На эскалаторе Фурсик попробовал было идти, но ступенек через сорок пришлось остановиться: левый проход был забит. И что интересно — опять двадцать пять! Четыре парня (он посчитал) один за другим поднимались перед ним. Натолкнулись на затор — и все один за другим остались стоять слева, а не справа!
Фурсик-то, конечно, встал справа, найдя свободную ступеньку. Стоял и смотрел на этих парней.
Они точно так забили сейчас проход, как те, что только что помешали пройти им… Дураки, что ли? Фурсик в который раз не мог понять — ну чего тут не ясно-то, а? Ведь вот именно так и забивается путь. А как еще-то? Ну раскиньте мозгами-то чуток, как прабаба говорит. Вот мы шли-шли, и нам помешали пройти. Так? Теперь мы встали слева — и затор удлинился! Кто-то торопится — а пройти опять не может. Так или нет, я вас спрашиваю?
Выход один — справа вставать! «Стойте справа — проходите слева!» — слышали в метро такие слова?
Почему не встают справа — он в толк взять не мог: его голова по-другому была устроена. «Может, думают — ага, мы не смогли пройти, ну и вы не пройдете! Да вроде не похожи с виду эти четверо на таких…»
Так и не решив задачки, сошел Фурсик с эскалатора. А тот дядька, оказывается, не отстал, а все шел и шел рядом с ним. Все объяснял, насколько выгодней для бабки была бы эта дорога. Ну что теперь делать-то? Догонять бабку? Так она уже села, наверно, в вагон и уехала к «Библиотеке». Фурсик не мог понять, чего дядька не отцепляется от него — дел, что ли, своих нет? Уже бубнит что-то не очень понятное.
Вдруг дядька сказал:
— А Дума сегодня не работает.
Сказал с грустью. И Фурсик сразу с каким-то даже облегчением понял, что это просто ненормальный. Он, наверно, и шел-то от Думы — хотел туда, видно, попасть… (Для не москвичей поясним: Государственная Дума России расположена в двух шагах от Театральной площади.) Фурсик ускорил шаг и быстро оторвался от дядьки. Дел — невпроворот. Он знал, что Женя уже подъезжает к Омску и тянуть резину не приходится.
Глава 14. В метро. Руслан
Качало, как в лодке, и кто-то тряс его за плечо. Но не хотелось просыпаться. Во сне подходила мама, склонялась над кроваткой, улыбалась, подтыкая одеяло.
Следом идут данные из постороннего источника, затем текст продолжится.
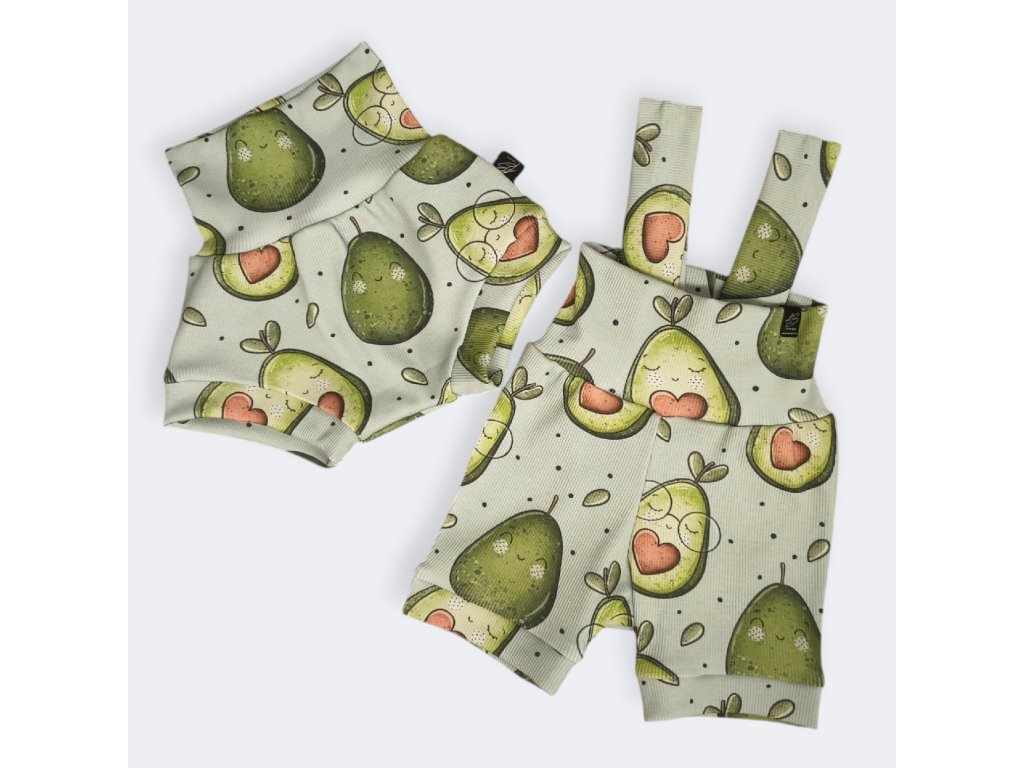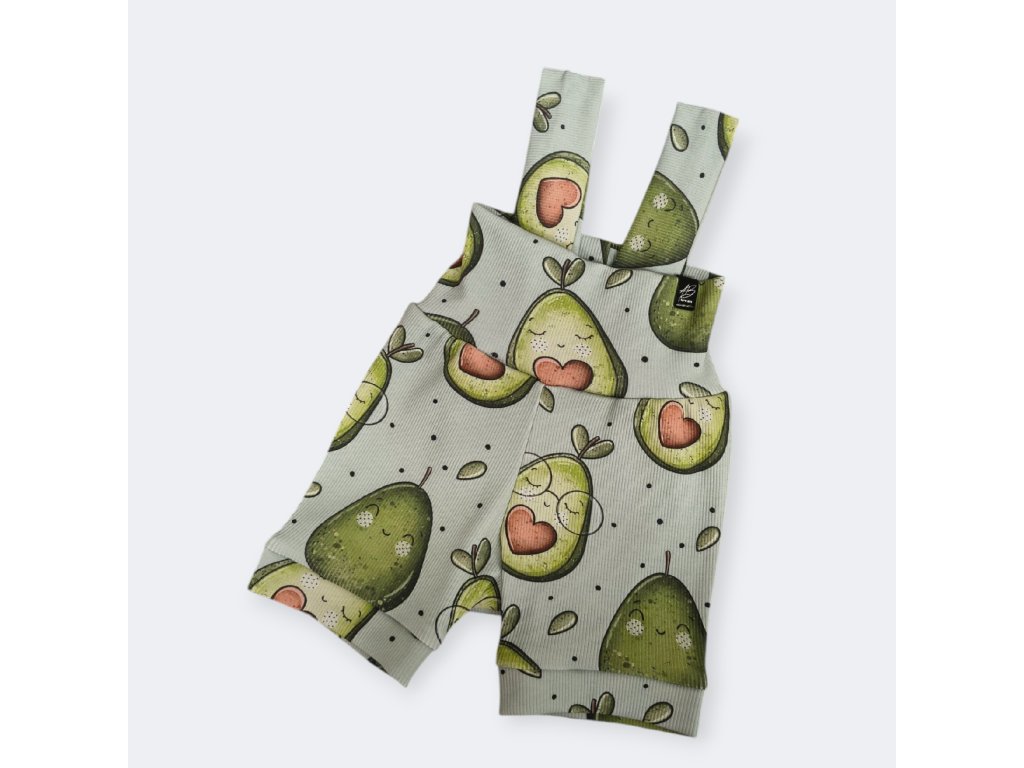 Rozkošné letní kraťásky pro nejmenší s veselým motivem usměvavého avokáda. Ušité z kvalitního pružného žebrovaného úpletu, který zajistí pohodlí při každém pohybu. Praktické lacly se dají jednoduše přetáhnout přes ramínka, takže krásně drží a nikde netlačí. Ideální volba na teplé dny plné her a dobrodružství!

Он наконец сел, покачиваясь и поеживаясь со сна. И сразу стало холодно. Правда его кто-то тряс или это приснилось — он так и не понял. С трудом ворочая затекшей шеей, стал осматриваться. Рядом с ним на дерматиновом сиденье было влажное пятно. Он напряг голову. Вялая голова ему подсказала, что это как-то связано с холодом, разливавшимся по телу. Тогда он понял, что он в мокрых брюках. От них-то и шел холод. Но в то же время в брюках сохранялись остатки мокрого тепла. Главное было — не вставать. Тогда последнее тепло исчезнет.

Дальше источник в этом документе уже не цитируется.